## Work instructions
Leave the pictures behind and reproduce every line of the listing exactly.

## The data
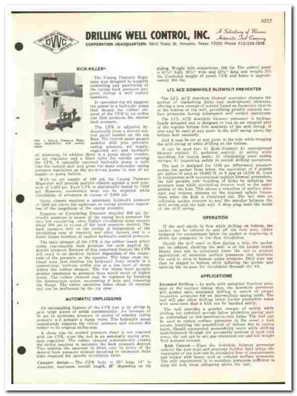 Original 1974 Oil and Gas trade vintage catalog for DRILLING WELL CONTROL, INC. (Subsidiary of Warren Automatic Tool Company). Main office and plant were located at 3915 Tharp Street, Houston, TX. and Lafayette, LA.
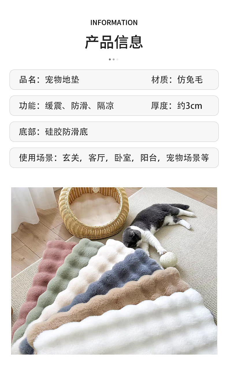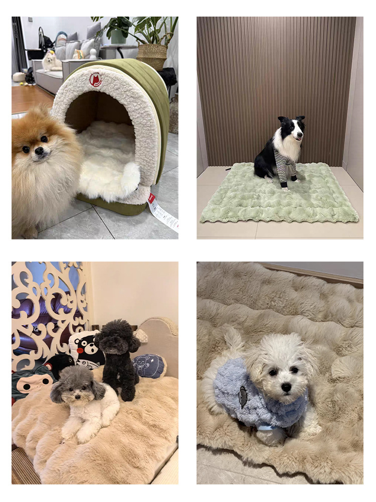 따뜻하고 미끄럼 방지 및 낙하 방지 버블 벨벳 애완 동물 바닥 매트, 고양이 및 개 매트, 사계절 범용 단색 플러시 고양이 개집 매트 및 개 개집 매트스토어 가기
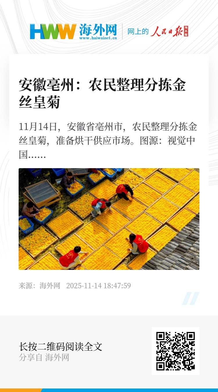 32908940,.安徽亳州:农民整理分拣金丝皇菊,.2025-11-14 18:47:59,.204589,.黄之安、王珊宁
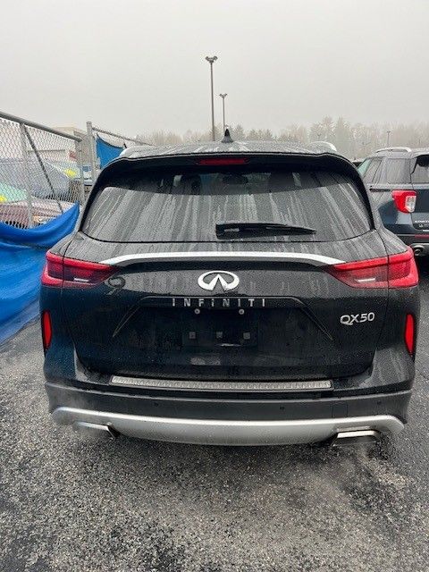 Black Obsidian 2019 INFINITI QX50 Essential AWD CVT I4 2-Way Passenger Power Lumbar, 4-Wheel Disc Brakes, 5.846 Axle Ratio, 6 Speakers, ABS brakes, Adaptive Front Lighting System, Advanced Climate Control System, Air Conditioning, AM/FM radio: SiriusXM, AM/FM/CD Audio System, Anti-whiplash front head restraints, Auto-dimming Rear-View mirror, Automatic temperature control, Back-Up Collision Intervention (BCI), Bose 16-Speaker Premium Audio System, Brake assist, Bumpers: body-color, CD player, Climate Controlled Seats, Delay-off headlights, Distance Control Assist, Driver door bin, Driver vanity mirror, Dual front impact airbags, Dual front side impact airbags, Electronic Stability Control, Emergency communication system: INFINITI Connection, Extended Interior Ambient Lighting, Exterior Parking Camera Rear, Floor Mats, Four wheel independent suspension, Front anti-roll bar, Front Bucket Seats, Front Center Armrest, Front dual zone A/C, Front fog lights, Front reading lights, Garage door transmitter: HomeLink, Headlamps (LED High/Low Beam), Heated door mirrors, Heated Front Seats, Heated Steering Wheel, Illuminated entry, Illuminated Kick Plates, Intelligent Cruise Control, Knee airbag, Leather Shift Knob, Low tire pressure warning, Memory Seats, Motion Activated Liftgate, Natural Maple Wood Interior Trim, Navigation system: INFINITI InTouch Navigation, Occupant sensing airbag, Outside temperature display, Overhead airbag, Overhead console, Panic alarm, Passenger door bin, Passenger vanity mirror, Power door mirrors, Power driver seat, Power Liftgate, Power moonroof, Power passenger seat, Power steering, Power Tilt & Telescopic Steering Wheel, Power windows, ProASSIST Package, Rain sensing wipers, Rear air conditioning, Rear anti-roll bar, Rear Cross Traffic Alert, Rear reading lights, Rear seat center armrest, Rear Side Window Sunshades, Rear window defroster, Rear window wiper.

## Output
 Original 1974 Oil and Gas trade vintage catalog for DRILLING WELL CONTROL, INC. (Subsidiary of Warren Automatic Tool Company). Main office and plant were located at 3915 Tharp Street, Houston, TX. and Lafayette, LA.
 따뜻하고 미끄럼 방지 및 낙하 방지 버블 벨벳 애완 동물 바닥 매트, 고양이 및 개 매트, 사계절 범용 단색 플러시 고양이 개집 매트 및 개 개집 매트스토어 가기
 32908940,.安徽亳州:农民整理分拣金丝皇菊,.2025-11-14 18:47:59,.204589,.黄之安、王珊宁
 Black Obsidian 2019 INFINITI QX50 Essential AWD CVT I4 2-Way Passenger Power Lumbar, 4-Wheel Disc Brakes, 5.846 Axle Ratio, 6 Speakers, ABS brakes, Adaptive Front Lighting System, Advanced Climate Control System, Air Conditioning, AM/FM radio: SiriusXM, AM/FM/CD Audio System, Anti-whiplash front head restraints, Auto-dimming Rear-View mirror, Automatic temperature control, Back-Up Collision Intervention (BCI), Bose 16-Speaker Premium Audio System, Brake assist, Bumpers: body-color, CD player, Climate Controlled Seats, Delay-off headlights, Distance Control Assist, Driver door bin, Driver vanity mirror, Dual front impact airbags, Dual front side impact airbags, Electronic Stability Control, Emergency communication system: INFINITI Connection, Extended Interior Ambient Lighting, Exterior Parking Camera Rear, Floor Mats, Four wheel independent suspension, Front anti-roll bar, Front Bucket Seats, Front Center Armrest, Front dual zone A/C, Front fog lights, Front reading lights, Garage door transmitter: HomeLink, Headlamps (LED High/Low Beam), Heated door mirrors, Heated Front Seats, Heated Steering Wheel, Illuminated entry, Illuminated Kick Plates, Intelligent Cruise Control, Knee airbag, Leather Shift Knob, Low tire pressure warning, Memory Seats, Motion Activated Liftgate, Natural Maple Wood Interior Trim, Navigation system: INFINITI InTouch Navigation, Occupant sensing airbag, Outside temperature display, Overhead airbag, Overhead console, Panic alarm, Passenger door bin, Passenger vanity mirror, Power door mirrors, Power driver seat, Power Liftgate, Power moonroof, Power passenger seat, Power steering, Power Tilt & Telescopic Steering Wheel, Power windows, ProASSIST Package, Rain sensing wipers, Rear air conditioning, Rear anti-roll bar, Rear Cross Traffic Alert, Rear reading lights, Rear seat center armrest, Rear Side Window Sunshades, Rear window defroster, Rear window wiper.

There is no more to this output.